It was one year ago that almost everything changed. We have now completed a full year of a global pandemic. I’ll never forget when I heard some medical expert say back in May of 2020 that things might not get back to normal until August. He or she, I can’t remember which, didn’t mean this coming August, August 2021. They meant August of 2020! But way back in May of 2020, the thought that we would be living with all these new restrictions all the way through August, three more months, sounded unbelievable and overwhelming.
The last time we worshiped in the building in 2020 was March 15. We worshiped online the following two Sundays. We held our first Parking Lot Worship April 5, Palm Sunday. Unfortunately, the weather didn’t allow us to worship outside on Easter Sunday. But beginning in May, Parking Lot worship became the norm. To the best of my recollection, we were only rained out once, and that wasn’t until halfway through the service. (Thankfully, we made it through the sermon!?) We almost made it all the way through October out in the parking lot. Beginning on October 25, Reformation Sunday, it just got too cold, and we went back to Facebook Live worship.

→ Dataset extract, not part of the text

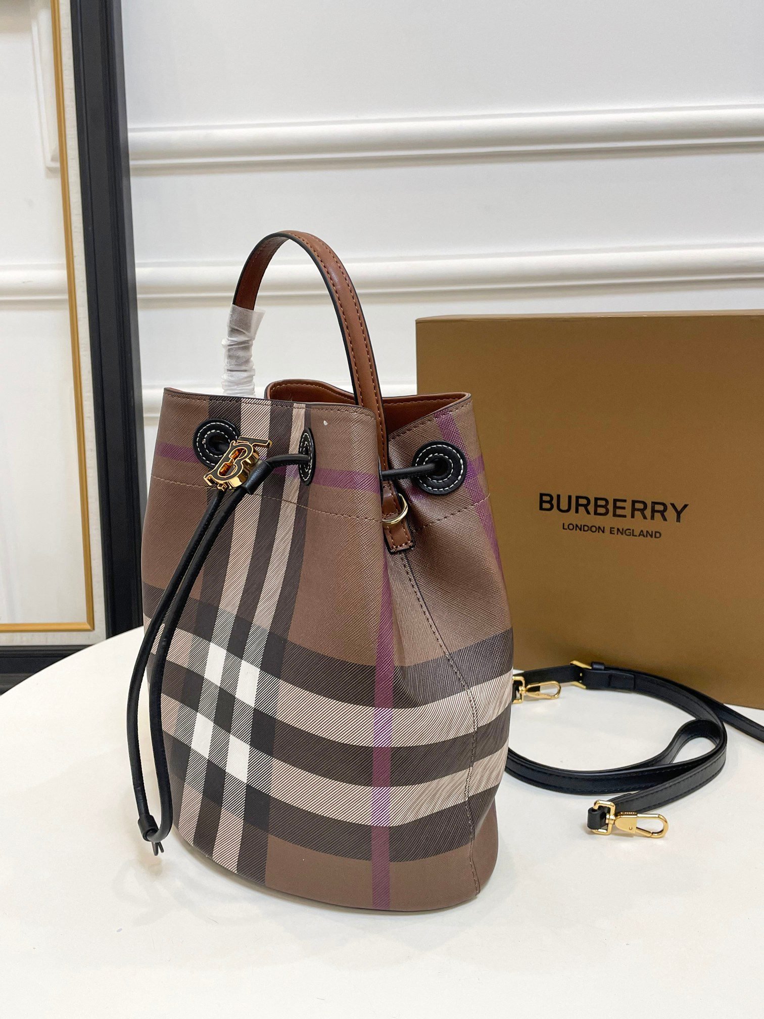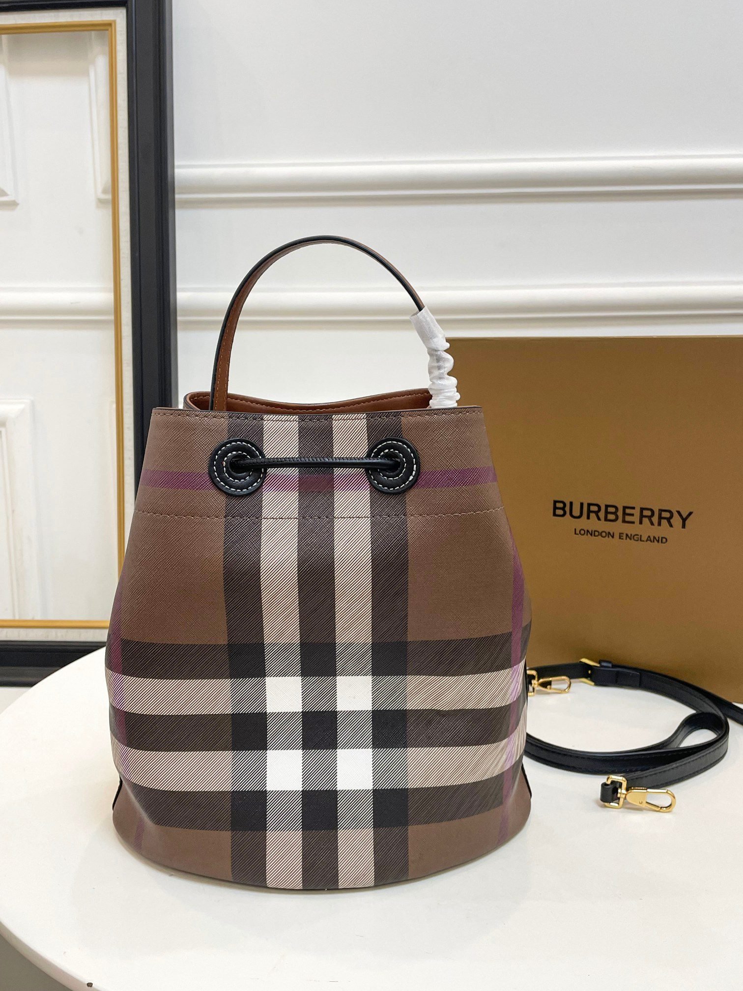 Burberry bucket bag fashion circle essentials Get up the new Burberry never worry about sales temperament placed there [strong] good quality! be sure to do the best, 😍😍 the original hardware size 26.28

Then came March! The COVID-19 numbers finally got low enough, and vaccines were becoming available. As I write this, we have been back inside the building for three weeks! Worship is definitely not the same as it used to be. Everyone is all spread out. (That is not actually all that new.) Everyone is wearing masks. Only three people sing. But as different as it is, it is a sign that we are slowly but surely getting back to normal.
As we contemplate getting back to normal, I think we should seriously ask ourselves: Do we really want everything about our worship life together to go back to the exact ways we were doing it when we left the building last March? Of course, there are some obvious things we want to get back to: no more masks, children in the PrayGround, everyone singing together. I fear if we blindly go back to the ways we’ve always done things, we will have squander a rare opportunity.
Making changes to a congregation’s worship life is always fraught with danger. Which is why changes in worship rarely happen. However, we have been forced to make radical changes to our worship life for an entire year. And we can’t go back to normal right now even if we wanted to. As I see it, we have at least a couple of months before going back to normal is even an option. I believe we should take advantage of this transition time to think, talk and pray about what our worship life should look like whenever things do get back to normal.
Easter is almost upon us. Easter is about new life, new possibilities, new ways of seeing what God is up to in our lives, our community, and our world. What has a year of worshiping from our couches, our cars, our lawn chairs taught us about what is really important in worship? What have we truly missed? What new things have we discovered? What are ways we can make worship more meaningful?
I invite and encourage you to begin thinking, praying, and talking to one another about our worship life at Holy Cross. I have no idea where this may lead us. I do trust that God will lead and guide us as we wrestle with these questions.